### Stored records

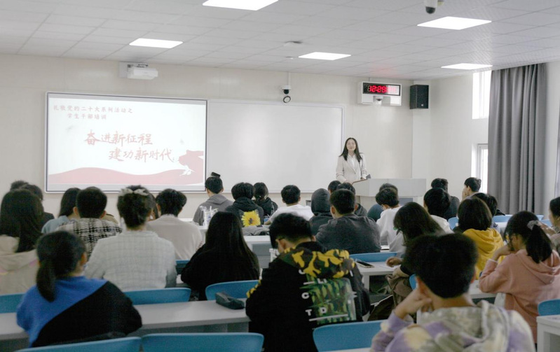 习近平总书记在党的二十大报告寄语青年:“广大青年要坚定不移听党话、跟党走,怀抱梦想又脚踏实地,敢想敢为又善作善成,立志做有理想、敢担当、能吃苦、肯奋斗的新时代好青年,让青春在全面建设社会主义现代化国家的火热实践中绽放绚丽之花。”10月23日,在第7教研楼北306召开管理学院2022级全体班委培训会,深入学习习近平总书记党的二十大重要讲话精神,提高学生干部的角色意识和使命担当,强化学生干部工作方法与工作艺术。会议由2022级辅导员李风啸主持。
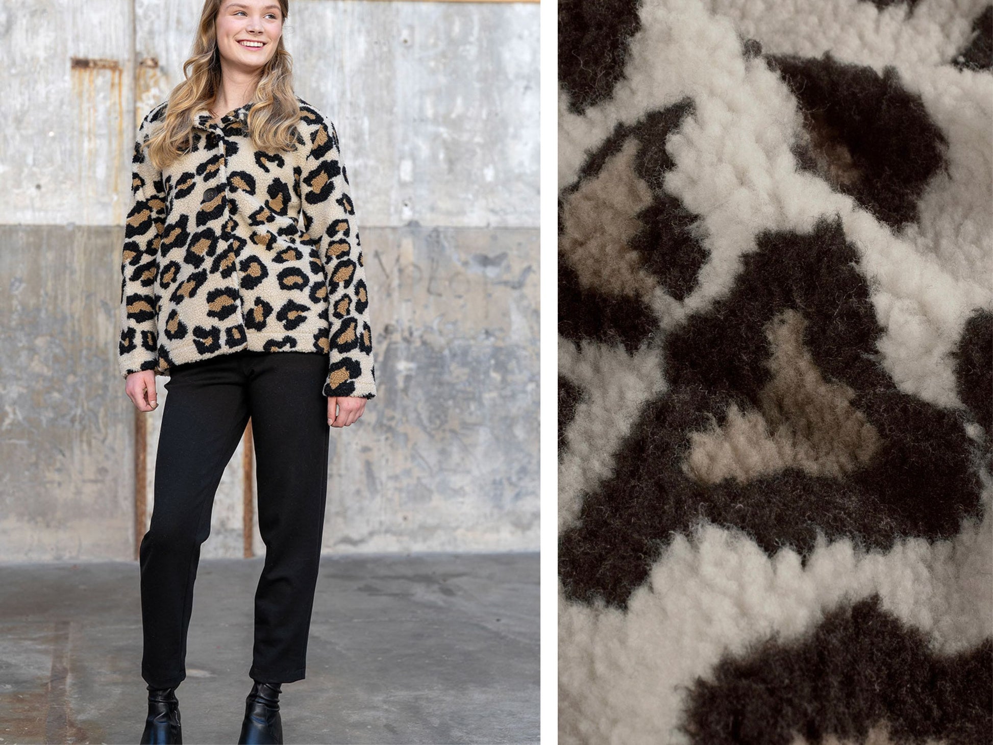 Kuscheliger Stoff mit plakativem Leomuster in Baun/Beige . Für Jacken, Oberteile, Westen, Kindersachen und mehr. Für die kalte Jahreszeit schön warm und voll im Trend. Der Stoff für Deinen Winterlook. 100 % Polyester, 285g/m². 165 cm breit.
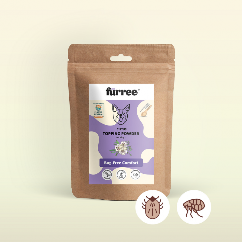 Cistus powder is a natural solution that may help keep external parasites (e.g., mosquitoes, ticks) away, strengthens the immune system, and supports the body’s natural defenses against bacteria, viruses, and fungi. With its anti-inflammatory and antioxidant properties, it contributes to your dog’s overall health and vitality.
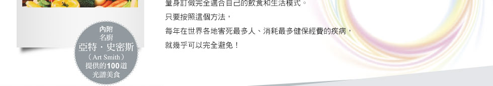 書中收錄有名廚亞特.史密斯(Art Smith)的食譜和烹飪指南,教你做出美味好吃的食物,讓你氣色好、感覺良好。當中的許多道菜還提供有幾個種不同版本,你可以略做調整,以配合自己的需求和喜好。
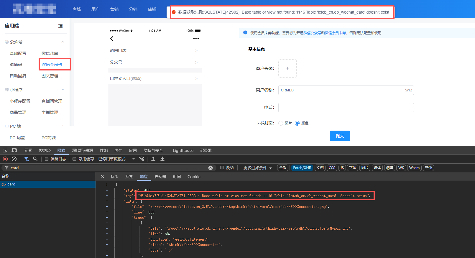 升级到pro3.5之后 后台微信会员卡点击之后报错, 如下图
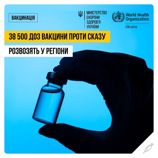 38 500 доз протирабічної вакцини Україна отримала в межах співпраці Міністерства охорони здоров’я та World Health Organization Ukraine.
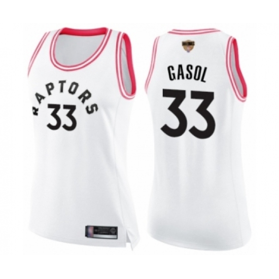 Women's Toronto Raptors #33 Marc Gasol Swingman White Pink Fashion 2019 Basketball Finals Bound Jersey
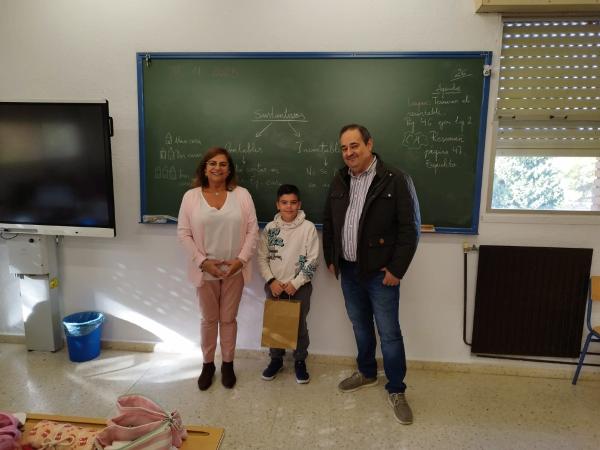 Un niño de Martos recibe en su colegio su premio como finalista del Concurso Digital de Aqualia sobre el cuidado del agua y la Tierra

### ACTIVITY
What the reply must contain is an exact transcription of the data above and none of its pictures.

### YOUR SOLUTION
 习近平总书记在党的二十大报告寄语青年:“广大青年要坚定不移听党话、跟党走,怀抱梦想又脚踏实地,敢想敢为又善作善成,立志做有理想、敢担当、能吃苦、肯奋斗的新时代好青年,让青春在全面建设社会主义现代化国家的火热实践中绽放绚丽之花。”10月23日,在第7教研楼北306召开管理学院2022级全体班委培训会,深入学习习近平总书记党的二十大重要讲话精神,提高学生干部的角色意识和使命担当,强化学生干部工作方法与工作艺术。会议由2022级辅导员李风啸主持。
 Kuscheliger Stoff mit plakativem Leomuster in Baun/Beige . Für Jacken, Oberteile, Westen, Kindersachen und mehr. Für die kalte Jahreszeit schön warm und voll im Trend. Der Stoff für Deinen Winterlook. 100 % Polyester, 285g/m². 165 cm breit.
 Cistus powder is a natural solution that may help keep external parasites (e.g., mosquitoes, ticks) away, strengthens the immune system, and supports the body’s natural defenses against bacteria, viruses, and fungi. With its anti-inflammatory and antioxidant properties, it contributes to your dog’s overall health and vitality.
 書中收錄有名廚亞特.史密斯(Art Smith)的食譜和烹飪指南,教你做出美味好吃的食物,讓你氣色好、感覺良好。當中的許多道菜還提供有幾個種不同版本,你可以略做調整,以配合自己的需求和喜好。
 升级到pro3.5之后 后台微信会员卡点击之后报错, 如下图
 38 500 доз протирабічної вакцини Україна отримала в межах співпраці Міністерства охорони здоров’я та World Health Organization Ukraine.
 Women's Toronto Raptors #33 Marc Gasol Swingman White Pink Fashion 2019 Basketball Finals Bound Jersey
 Un niño de Martos recibe en su colegio su premio como finalista del Concurso Digital de Aqualia sobre el cuidado del agua y la Tierra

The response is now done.